Sunday, 10 April 2011

Elements of game design, part two: art direction for games

There are a hell of a lot of information sources on being an art director which I am sure are all very interesting in their own way of explaining it. First I’ll look at a typical job description of what an art director does. The links given showing some examples have expired now but I found another and will provide it in the reference links when I finish.

Typically an art director is ultimately responsible for the setting, style and quality of art incorporated into a game and managing the rest of the team pretty much constantly. Animation fits into this too and maybe even the music but I am not too sure on that one. Many sources say a background, perhaps a degree, in fine art is a must, due to the vast amount of knowledge in particular techniques like drawing, colours, texturing  plus, all artists need to be creative including the directors visualising how a character, an asset, a scene or particular section should look once complete. I think the major part to grasp from the general job description is the communication with other team members. It is their job to check up with what everybody is doing and, in Phillip Bossant’s case, who was executive producer and art director for the America’s Army public game project, would go around to everybody one by one to see progress.

Many times, I'm just providing feedback but sometimes I am directly involved with making the solution”.

I almost see this as being everyone’s teacher or tutor keeping order within the team and eventually making sure that, once merged together everything still flows but still be open to new ideas and suggestions. If everything flows, then you have a solid game and that is important.

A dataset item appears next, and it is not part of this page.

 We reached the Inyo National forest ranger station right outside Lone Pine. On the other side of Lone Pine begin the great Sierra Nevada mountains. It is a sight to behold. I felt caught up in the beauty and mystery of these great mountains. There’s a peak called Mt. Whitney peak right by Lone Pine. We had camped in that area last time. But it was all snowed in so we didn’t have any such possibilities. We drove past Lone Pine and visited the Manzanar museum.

Compared to film, there is not much difference when looking at art direction. I am sure film directors try their very best to make sure everything from characters, costumes, sets, musical scores and such stick to the film’s theme meaning checking each part individually. Mistakes would need to be altered beforehand and just like an art director, the film director needs to keep order. Handling takes when it comes to acting, it is the film director who calls out “action” and “cut” as retakes are made to get parts just right. Colour palettes are determined depending on the type of film so if it was a natural fantasy film, greens, yellows and reds could be reflected in the environment and characters to indicate a cheerful sunny scene and it is no different for art direction.

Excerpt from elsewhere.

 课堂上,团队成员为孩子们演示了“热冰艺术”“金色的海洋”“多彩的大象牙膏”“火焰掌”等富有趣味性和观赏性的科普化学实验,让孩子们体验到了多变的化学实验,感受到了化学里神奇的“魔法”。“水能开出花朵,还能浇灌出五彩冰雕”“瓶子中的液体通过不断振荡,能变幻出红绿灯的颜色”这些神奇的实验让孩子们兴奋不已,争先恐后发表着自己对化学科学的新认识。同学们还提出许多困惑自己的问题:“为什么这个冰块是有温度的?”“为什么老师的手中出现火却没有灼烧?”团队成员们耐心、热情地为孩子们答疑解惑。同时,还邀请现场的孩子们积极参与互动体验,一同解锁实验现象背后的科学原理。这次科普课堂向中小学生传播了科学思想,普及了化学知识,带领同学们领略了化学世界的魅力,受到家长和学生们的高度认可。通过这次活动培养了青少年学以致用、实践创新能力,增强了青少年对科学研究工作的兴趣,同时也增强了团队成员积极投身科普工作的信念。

The job may sound simple enough but I reckon it takes a copious amount of experience, confidence, leadership skills and communication skills to be able to work with just about anyone from senior to beginner artists and animators in a team. Bringing workers together and checking on work is one thing but you would still need to use your artistic skills if the need to clean parts up yourself arises and I can imagine they all get plenty of emails and files sent to them. I can see it being a competitive but exciting job however because the job description I found says an art director can branch from an artist with more than 3 years experience in the games industry and the amount of talent will vary greatly between applicants.